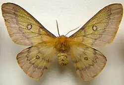 Die Falter erreichen eine Flügelspannweite von 62 bis 88 Millimetern, wobei die Männchen größer werden. Die Flügel sind dünn beschuppt.[1] Bei den Männchen sind die Fühler vierfach mit besonders langen, fächerförmig angeordneten, orangebraunen Kammzähnen gefiedert. Kopf und Halskragen sind rötlich gelb, der Thorax und der Hinterleib sind kräftig dottergelb. Die Grundfarbe der Tiere ist sonst hell ockergelb, am Vorderrand der Vorderflügel und im Submarginalbereich sind sie rosa. Die Vorderflügel tragen eine antemediane und eine postdiskale dunkelgraue bis schwarzbraune Querbinden, von denen die innere (antemediane) schwächer ausgebildet ist und die äußere (postdiskale), gezackte sehr kräftig gezeichnet ist. Die kleinen, rotbraunen Augenflecke sind schwarz umrandet. Die Hinterflügel sind wie die Vorderflügel gefärbt, ihnen fehlen jedoch die Augenflecke. Die Weibchen sehen den Männchen sehr ähnlich, haben jedoch eine großflächigere rosa bis blass-weinrote Flügelfärbung, die manchmal nahezu den gesamten Flügel umfasst. Die Grundfarbe an der Basis und am Innenrand der Vorderflügel ist mehr gelblich. Der plumpere Körper ist wie beim Männchen gefärbt, die Flügel sind langgestreckter und mehr abgerundet. Die Fühler der Weibchen sind mit kurzen Kammzähnen versehen.[2]
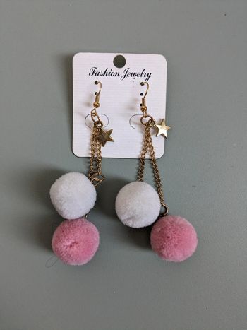 Boucles d'oreilles pompons roses et blanches avec étoile
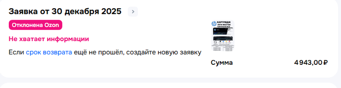 Без сомнения понятно что это не какие не оригинальыне картриджи а восстановленный хлам. Но только не озону, у них на все один ответ: " картриджи не подлежать обязательной сертифакации" Даже если ты выбираешь причину возврата б/у их аргумент опять " картриджи не подлежать обязательной сертифакации" Слушайте, а давайте лучше вообще будете продавать пустые коробки, раз у вас есть этот железный аргумент, к тому же ваш этот хлам внутри никому не нужен. А Теперь пробежимся по хронологии этого ада.
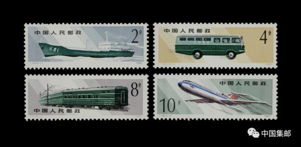 1980年3月20日,我国发行了《邮政运输》特种邮票一套4枚。这是我国第一套磷光邮票。在灯光照射后将邮票放置在暗处,可以发出绿色夜光。四枚图案的主体部分分别为大连邮政局“鸿雁I号”邮政运输船、邮政汽车、火车邮政车厢、民航三叉戟大型载客飞机。
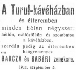 A híres cigányprímás, Szimpliciusz (Barcza József) és zenekara muzsikált a közönségnek. "Rippl-Rónai József kezdeményezésére 1912-ben nagy ünnepséget terveztek Szimpliciusz működésének negyvenéves évfordulójára. De hálátlan volt Kaposvár közönsége. Azok, akiket negyven éven keresztül szórakoztatott, még arra sem méltatták, hogy elmenjenek a Turul kávéházban megrendezett ünnepségre"4 |
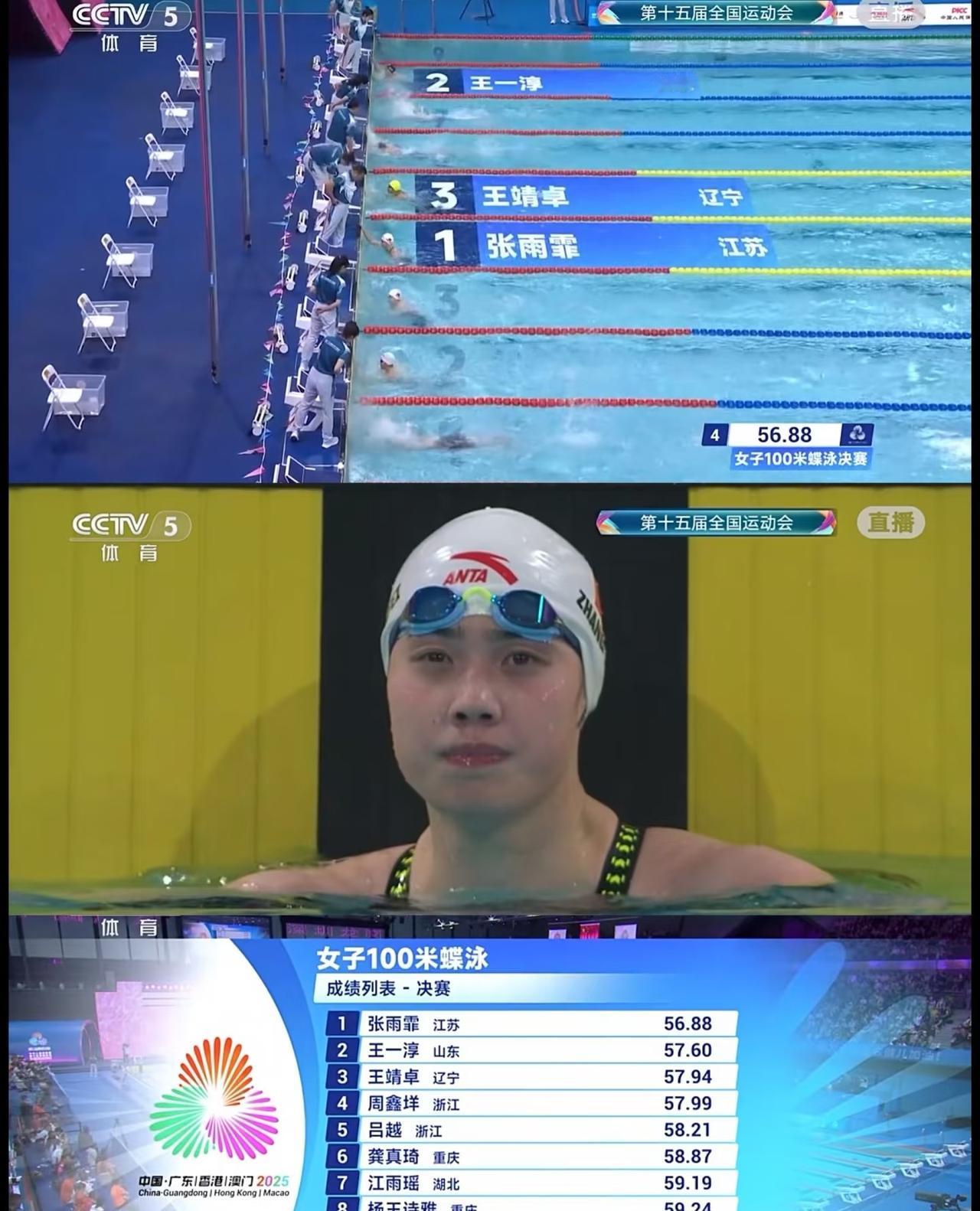 蝶后张雨霏56.88蝉联全运会100蝶冠军。 年轻一辈断层了,没有人能够接上棒,男女项目有几项都是。老将虽然国际上很难站上领奖台了,但国内仍然能打。
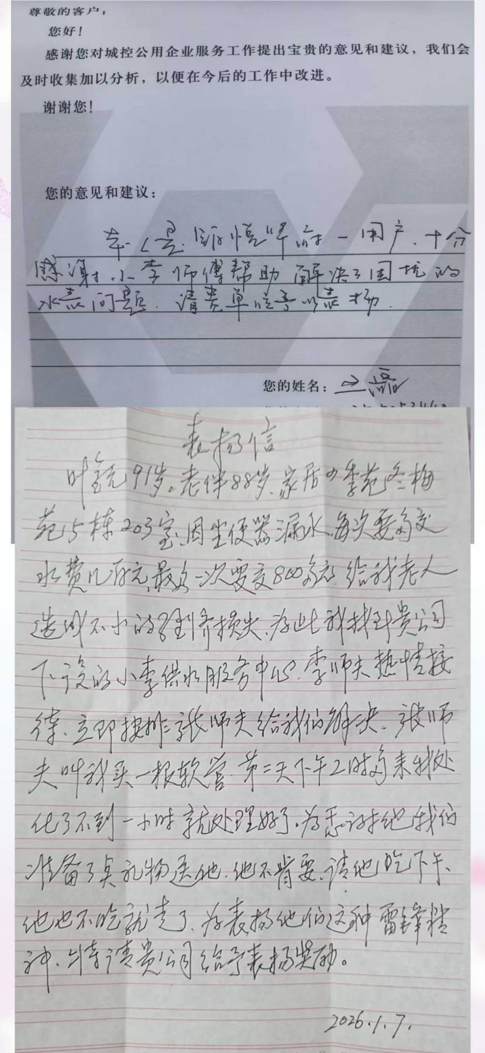 2025年12月10日下午及2026年1月7日,长江水务小李服务队队长李青同志及队员,在文汇东路服务大厅先后收到两位用户的高度赞扬。用户对服务队专业高效、热情周到的服务给予了诚挚肯定。
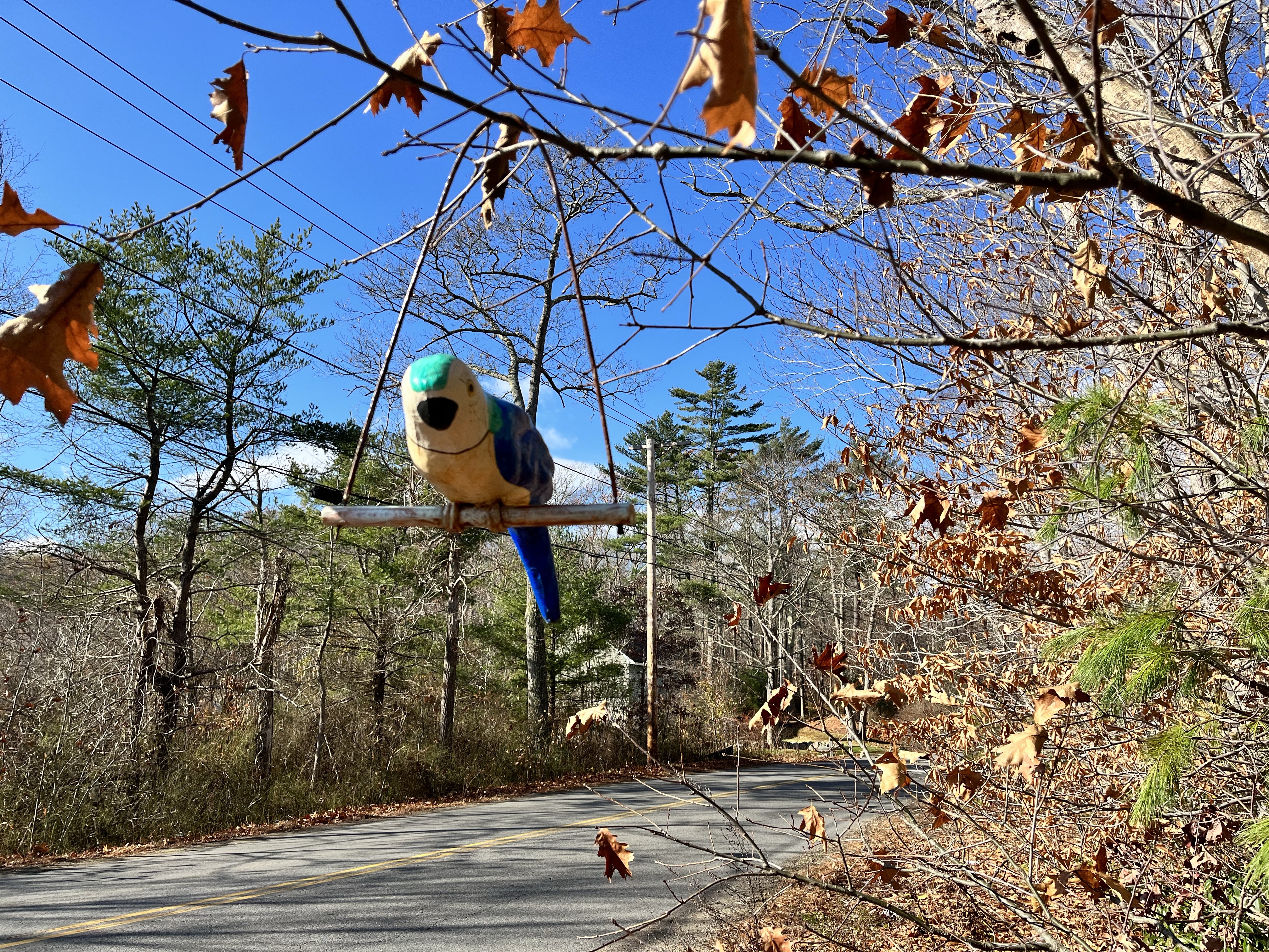 An unusual (perhaps tropical) bird was sighted recently on Magnolia Avenue! A spot of color amongst the dead leaves was delightful. If you go that way to take a look, stop by the Magnolia Library for the Holiday Fair 9:30 – 2 today! Food and crafts offered by some of your favorite vendors!
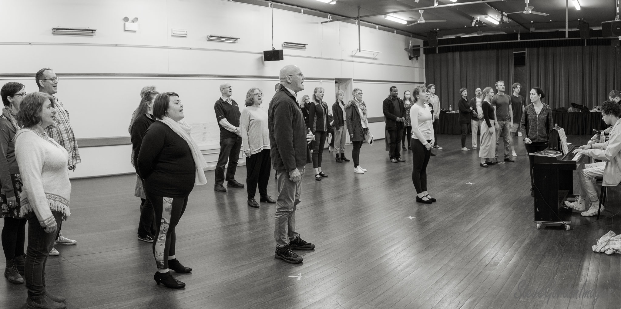 GalleriesArtsTheatre15 Ladies In BlackRehearsalsChoir Rehearsal, Black And White. A choir rehearses, led by a pianist, in a large room. Singers stand on marked spots, singing. Choir Rehearsal, Black And White.

▸ The task: Could you copy out every record exactly, minus the pictures?

▸ Result of the exercise:
 Die Falter erreichen eine Flügelspannweite von 62 bis 88 Millimetern, wobei die Männchen größer werden. Die Flügel sind dünn beschuppt.[1] Bei den Männchen sind die Fühler vierfach mit besonders langen, fächerförmig angeordneten, orangebraunen Kammzähnen gefiedert. Kopf und Halskragen sind rötlich gelb, der Thorax und der Hinterleib sind kräftig dottergelb. Die Grundfarbe der Tiere ist sonst hell ockergelb, am Vorderrand der Vorderflügel und im Submarginalbereich sind sie rosa. Die Vorderflügel tragen eine antemediane und eine postdiskale dunkelgraue bis schwarzbraune Querbinden, von denen die innere (antemediane) schwächer ausgebildet ist und die äußere (postdiskale), gezackte sehr kräftig gezeichnet ist. Die kleinen, rotbraunen Augenflecke sind schwarz umrandet. Die Hinterflügel sind wie die Vorderflügel gefärbt, ihnen fehlen jedoch die Augenflecke. Die Weibchen sehen den Männchen sehr ähnlich, haben jedoch eine großflächigere rosa bis blass-weinrote Flügelfärbung, die manchmal nahezu den gesamten Flügel umfasst. Die Grundfarbe an der Basis und am Innenrand der Vorderflügel ist mehr gelblich. Der plumpere Körper ist wie beim Männchen gefärbt, die Flügel sind langgestreckter und mehr abgerundet. Die Fühler der Weibchen sind mit kurzen Kammzähnen versehen.[2]
 Boucles d'oreilles pompons roses et blanches avec étoile
 Без сомнения понятно что это не какие не оригинальыне картриджи а восстановленный хлам. Но только не озону, у них на все один ответ: " картриджи не подлежать обязательной сертифакации" Даже если ты выбираешь причину возврата б/у их аргумент опять " картриджи не подлежать обязательной сертифакации" Слушайте, а давайте лучше вообще будете продавать пустые коробки, раз у вас есть этот железный аргумент, к тому же ваш этот хлам внутри никому не нужен. А Теперь пробежимся по хронологии этого ада.
 1980年3月20日,我国发行了《邮政运输》特种邮票一套4枚。这是我国第一套磷光邮票。在灯光照射后将邮票放置在暗处,可以发出绿色夜光。四枚图案的主体部分分别为大连邮政局“鸿雁I号”邮政运输船、邮政汽车、火车邮政车厢、民航三叉戟大型载客飞机。
 A híres cigányprímás, Szimpliciusz (Barcza József) és zenekara muzsikált a közönségnek. "Rippl-Rónai József kezdeményezésére 1912-ben nagy ünnepséget terveztek Szimpliciusz működésének negyvenéves évfordulójára. De hálátlan volt Kaposvár közönsége. Azok, akiket negyven éven keresztül szórakoztatott, még arra sem méltatták, hogy elmenjenek a Turul kávéházban megrendezett ünnepségre"4 |
 蝶后张雨霏56.88蝉联全运会100蝶冠军。 年轻一辈断层了,没有人能够接上棒,男女项目有几项都是。老将虽然国际上很难站上领奖台了,但国内仍然能打。
 2025年12月10日下午及2026年1月7日,长江水务小李服务队队长李青同志及队员,在文汇东路服务大厅先后收到两位用户的高度赞扬。用户对服务队专业高效、热情周到的服务给予了诚挚肯定。
 An unusual (perhaps tropical) bird was sighted recently on Magnolia Avenue! A spot of color amongst the dead leaves was delightful. If you go that way to take a look, stop by the Magnolia Library for the Holiday Fair 9:30 – 2 today! Food and crafts offered by some of your favorite vendors!
 GalleriesArtsTheatre15 Ladies In BlackRehearsalsChoir Rehearsal, Black And White. A choir rehearses, led by a pianist, in a large room. Singers stand on marked spots, singing. Choir Rehearsal, Black And White.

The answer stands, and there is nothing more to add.